Me too! I NEVER had homework either :roll:


----------



## goathappy (Oct 5, 2007)

I also helped the other kids out with their homework :roll:
I couldn't imagine what it'd be like if I went back to school now, I'm sure I'd get expelled within an hour because I can't keep my mouth shut on certain things


----------



## Nupine (Nov 13, 2007)

Muddy Creek Farm said:


> > When I was in school, I was always done before the other kids, so I was basically sitting in school for 7-8 hours a day and not learning anything new.
> 
> 
> Me too! I NEVER had homework either :roll:


[I am not very good a quoteing lol] I was also always done befiore everyone else. Unfortunatly. I have to spend 3 hours a day for two days taking a test with the other students at the school. I was done in less than an hour and a half, and wasn't allowed to read. And I still did better then most of the other students. I love having all the extra time being homeschooled, too.


----------



## ozarksvalley (Nov 22, 2007)

I'm in 10th grade and homeschooled. I love it. I've never been to an actual school, but from talking to and seeing kids there I am certainly glad I don't go. 
I also get my mom's full attention when I need it. She's a great teacher!  I also get to help pick out my courses- which curriculum works best for me and what extra subjects I want. I picked French as one of them, next year I might choose Hebrew. (providing I've learned all I can in French.)


----------



## goatnutty (Oct 9, 2007)

I'm not but sometimes I wish I was homeschooled.Like this week for example people can be so mean by starting nasty rumers.


----------



## GSFarm (Oct 6, 2007)

I'm not homeschooled and couldn't ever be. I just love being around my friends. 

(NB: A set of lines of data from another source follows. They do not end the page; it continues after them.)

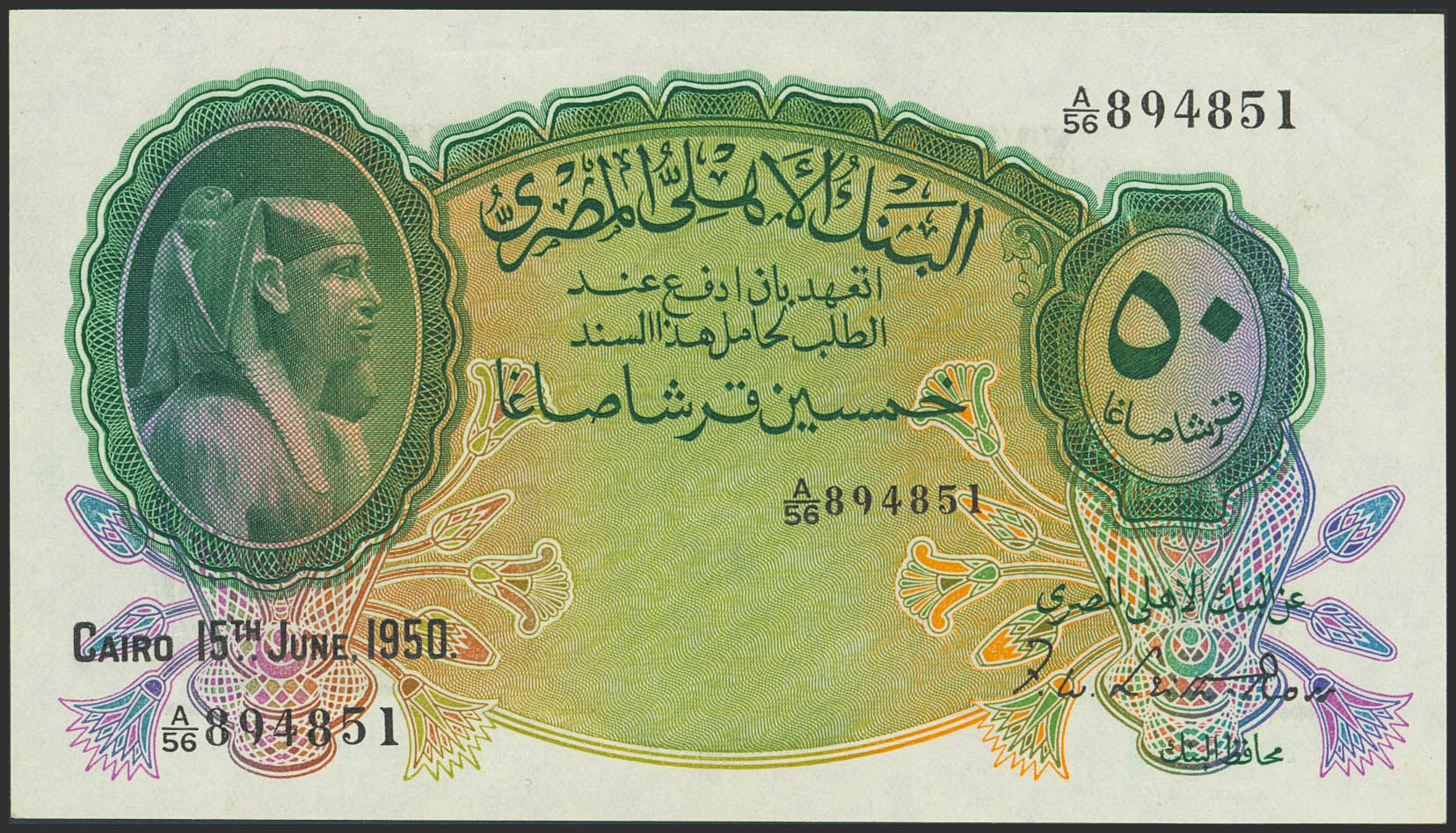 EGYPT. 50 Piastres. June 15, 1950. National Bank. Signature of Leith-Ross. (Pick: 21d). Almost Uncirculated.
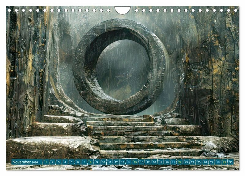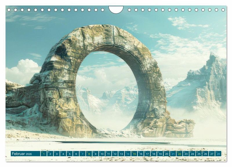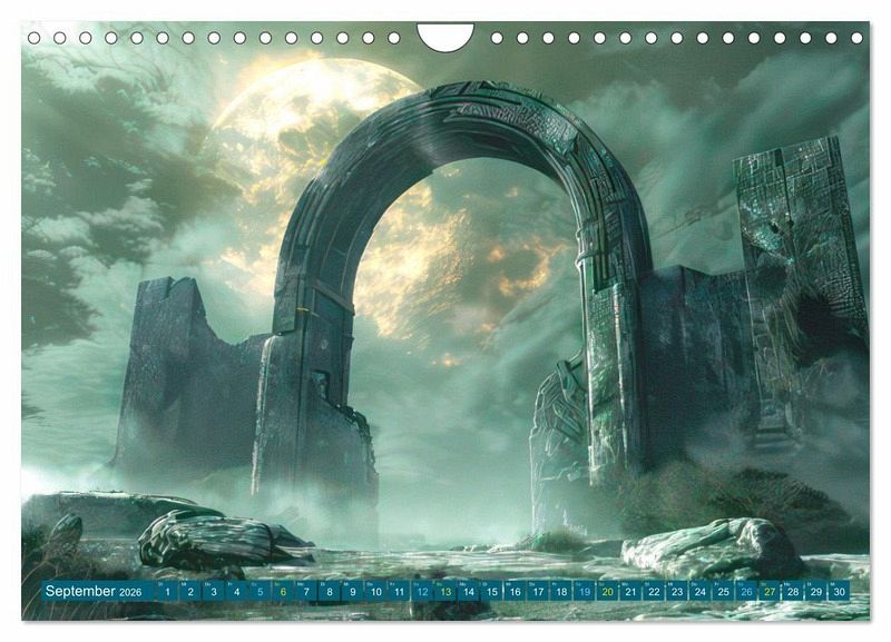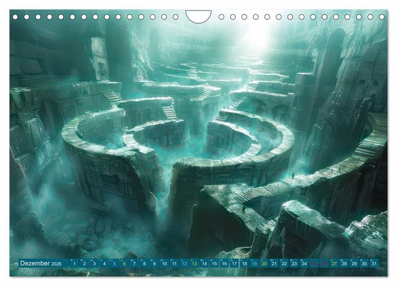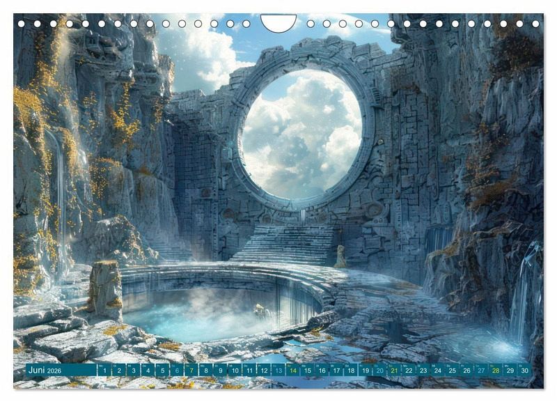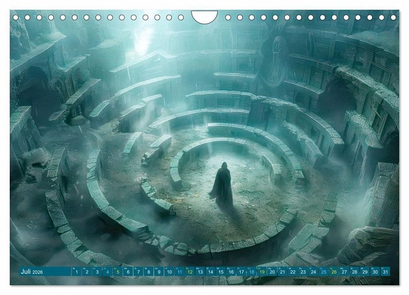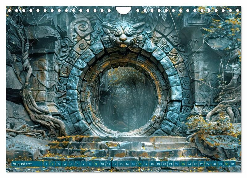 Die Farben Blau und Grün dominieren die mit Hilfe der KI entstandenen Werke und verstärken die geheimnisvolle Atmosphäre. Jeder Monat enthüllt ein neues rätselhaftes Motiv, das Ihre Fantasie anregt und Sie in ferne Welten entführt.
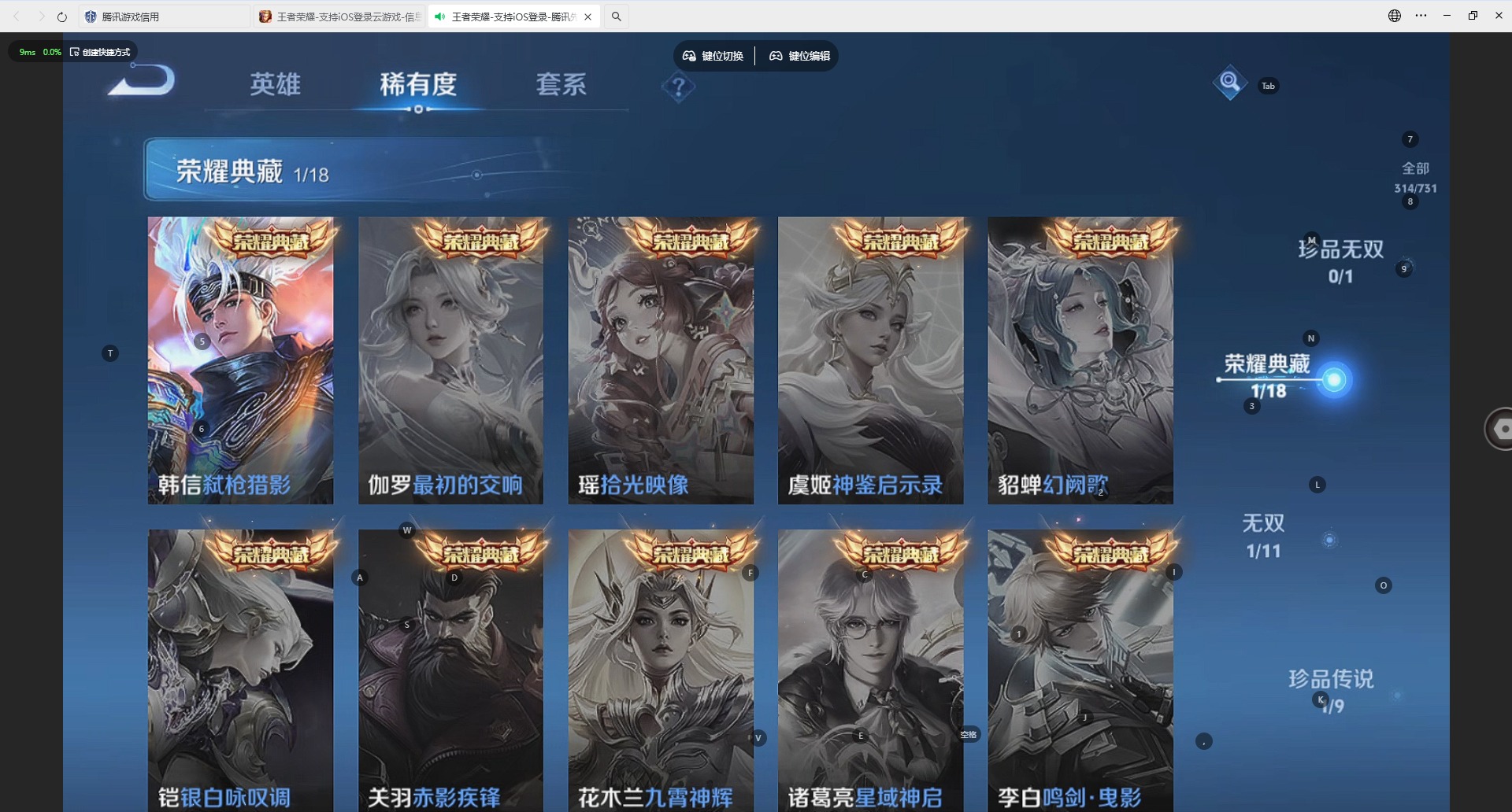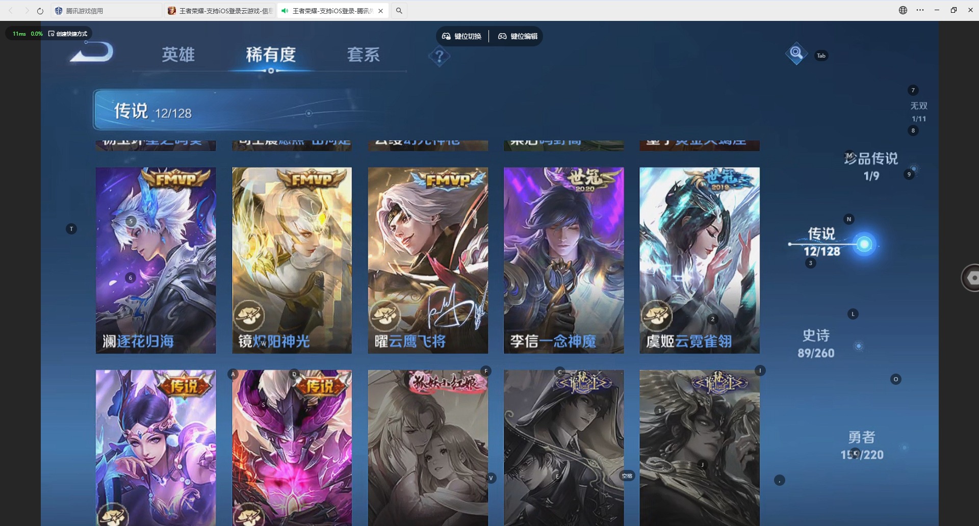 - [11232349]V7 9传说 124英雄 212皮肤 可修改实名 优质装备:一念神魔,地狱火,山海·苍雷引(电光曜子) 传说皮:幻光神枪 珍宝阁皮:胡桃夹子,蔷薇恋人,玩趣恶龙 限定皮:愿照·九州拓(澜年限),愿照·山河定(司空震年限),逐霄战戟,鸣野蒿,怒海麟威,五谷丰年,梁祝,李小龙,朱雀志(守约年限),枫霜尽,山海·玄木吟(马可年限) 史诗皮:器灵·浮梦炉,化蝶舞,龙之律动,百相守梦-百里守约,紫霞仙子,苍穹之光,电玩小子(小书包),千年之狐,冰冠公主,末日机甲-吕布,猫狗日记-孙策,时之恋人-孙尚香,乱世虎臣,节奏热浪,女仆咖啡,摇滚巨星,水果甜心,功夫厨神,德古拉伯爵,暗隐猎兽者,幽灵船长,鬼剑武藏,暗渊魔法,心灵战警,舞动绿茵,地狱岩魂,缤纷独角兽,乘风破浪,逐浪之夏,水晶猎龙者,曙光守护者,箭羽风息,金属风暴,圣诞狂欢,圣诞恋歌,鹰眼统帅,魅力维加斯,赏金猎手,无心,未来纪元-赵云

My school, my grade specifically, is amazing. There aren't really any clicks or rumors or bullying here. I really enjoy the social part or public school


----------



## MissMM (Oct 22, 2007)

Thanks for all of your feedback. We're kind of taking it day by day here & we'll see what happens. My son gets decent grades in school. His main problem is putting bullies in their place  But the "no tolerance policy" of our school system doesn't account for that - you're supposed to turn the other cheek and walk away. How many adults can do that much less a teenager? 

Anyway, thanks for the comments. I am not home during the day & I think he would spend the whole time playing video games.


----------



## goatnutty (Oct 9, 2007)

Just this week someone started a rumor that I was pregnant.Which I'm NOT!


----------



## Pam B (Oct 15, 2007)

I had that happen to me in my senior year of high school at a Christian private school. I couldn't stand most of the kids in my class who were there mainly because their parents were trying to keep them out of the drug-infested public schools. About 2/3rds of my class got suspended for having a party with alcohol in our Jr. year and even though the rules said that they should have been kicked out they just got suspension instead.

When they started spreading the rumor that I was pregnant even the teachers that were senior class advisors believed them. I used to go to homeroom so I got marked present for the day and then would sneak out to my car and go home so I didn't have to spend any more time with those brats. Fortunately for me the lady in charge of the attendance records for the school was a good friend of my mom's. After I'd leave she'd call my mom to make sure that I had actually gone home and she would cover for me.  I was extremely happy to graduate and never go back.

I did go to the ten year class reunion to see if they had grown up and gotten over their snobbishness, but they hadn't. A few people said hello to me at the formal dinner, but at the picnic the next afternoon they ignored me and my husband and children completely. I refused to go to anymore reunions after that.

Recently I found a former classmate on Facebook and was very surprised to hear that she feels the same way about going to class reunions or keeping in touch with any of our classmates. And while she wasn't one of the "in" crowd I at least thought she was fairly popular when we were in school. Evidently she didn't think she was.


----------



## goatnutty (Oct 9, 2007)

It all started becuase of a remark the teacher made.Then people who I thought were my friends started yelling it out to the world.I was very angry due to the fact the entire middle school knows about it.There was someone pregnant a couple months ago but that was no rumor.


----------



## Sara (Oct 5, 2007)

I go to alternative school. 

On the subject of rumors and bullies, they will be everywhere. The best thing to learn to do is to deal with them.


----------



## goatnutty (Oct 9, 2007)

That's very true.


----------